If $H$ is a cyclic subgroup of $G$ and $H$ is normal in $G$, then every subgoup of $H$ is normal in $G$.

Suppose $H = \langle h \rangle$ is normal in $G$ and that $K$ is a subgroup of $H$. Any subgroup of a cyclic group is cyclic, so $K = \langle h^d \rangle$ for some integer $d$.

Let $g \in G$. Since $H$ is normal, $g^{-1}hg = h^i$ for some integer $i$. Then for any integer $k$ you get $g^{-1}(h^d)^kg = (g^{-1}hg)^{dk} = (h^i)^{dk} = (h^d)^{ik}$. This shows that for any $k \in K$, the element $g^{-1}kg$ is in $K$. Therefore $K$ is normal.


Here is a somewhat more general fact which seems useful enough to keep in mind:

If $G$ is a group, $H$ is a normal subgroup of $G$ and $K$ is a characteristic subgroup of $H$, then $K$ is a normal subgroup of $G$.

The proof is almost immediate if you know the definitions: for any $x \in G$, since $H$ is normal in $G$, conjugation by $H$ induces an automorphism $\varphi_x$ of $H$, but not necessarily an "inner" automorphism: i.e., if $x \notin H$, $\varphi_x$ need not be conjugation by any element of $H$. Thus we have assumed that $K$ is just not normal but characteristic as a subgroup of $H$, i.e., stable under all automorphisms of $H$. Done.

For much more detail, see e.g. here.

As others have pointed out, we also need to see that any subgroup of a cyclic group $H$ is characteristic.
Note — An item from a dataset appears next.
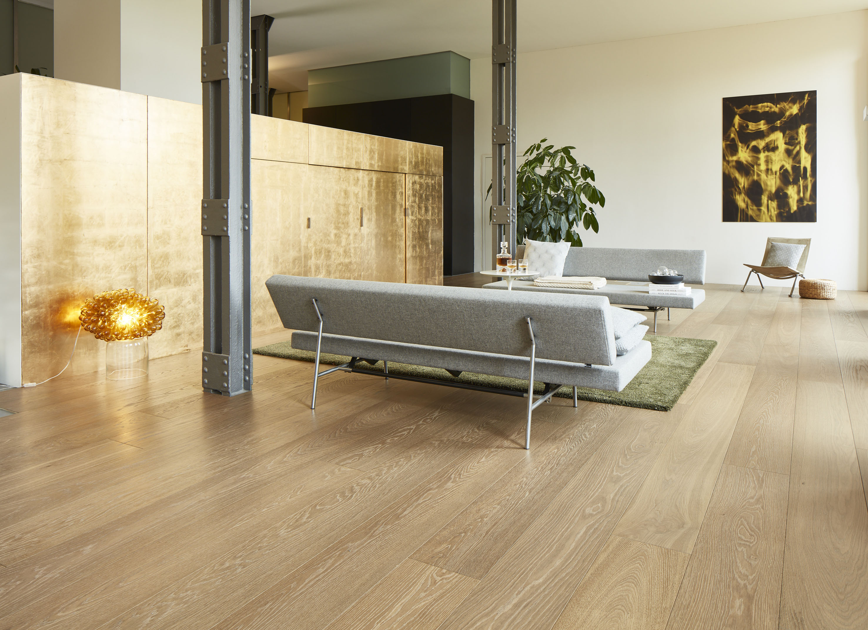 Für welches Holz man sich entscheidet, hängt dabei auch davon ab, ob das Haus oder die Wohnung mit einer Fußbodenheizung ausgestattet ist. Generell können viele Holzarten eines Parkettbodens damit kombiniert werden, aber neben einigen tropischen Hölzern aus kontrolliertem Anbau wie Merbau oder Doussie eignen sich besonders heimische Hölzer wie Eiche, Kirsche und der Nussbaum. Denn: „Holz zieht sich abhängig von der Raumtemperatur und Luftfeuchtigkeit zusammen oder es dehnt sich aus, und diese Eigenschaften gilt es zu beachten“, weiß Schmid. „Auch ist es wichtig, das Parkett in diesem Fall vollflächig zu verkleben. Auf diese Weise wird die Bildung einer isolierenden Luftschicht unter dem Holz verhindert.“ Beachtet man dies, wird man spätestens im ersten Winter die Vorzüge eines gewärmten Holzfußbodens genießen können.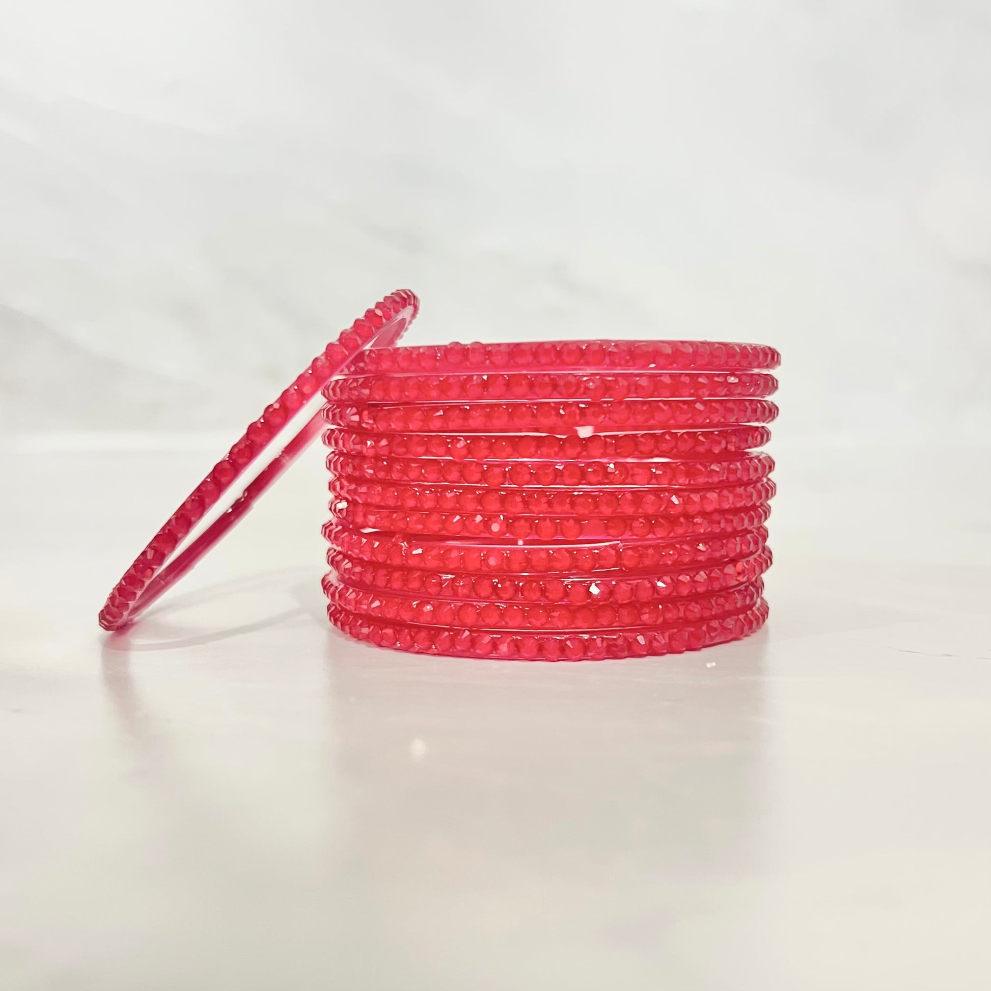 Set of 12 glass bangles with stone diamanté for added texture and sparkle.

Well, any subgroup which is the unique subgroup of its order is characteristic -- this takes care of the case in which $H$ is finite. And any subgroup which is the unique subgroup of its index is characteristic -- this takes care of the case in which $H$ is infinite. (Alternately, if $H \cong (\mathbb{Z},+)$, the only nontrivial automorphism is multiplication by $-1$, which evidently stabilizes all the subgroups $n \mathbb{Z}$.)


since $H$ is normal in $G$ you get $a^{-1}Ka \subset H$, for all $a\in G$. Now use the fact that $H$ is cyclic (there is only one subgroup of $H$ such that $\dots$)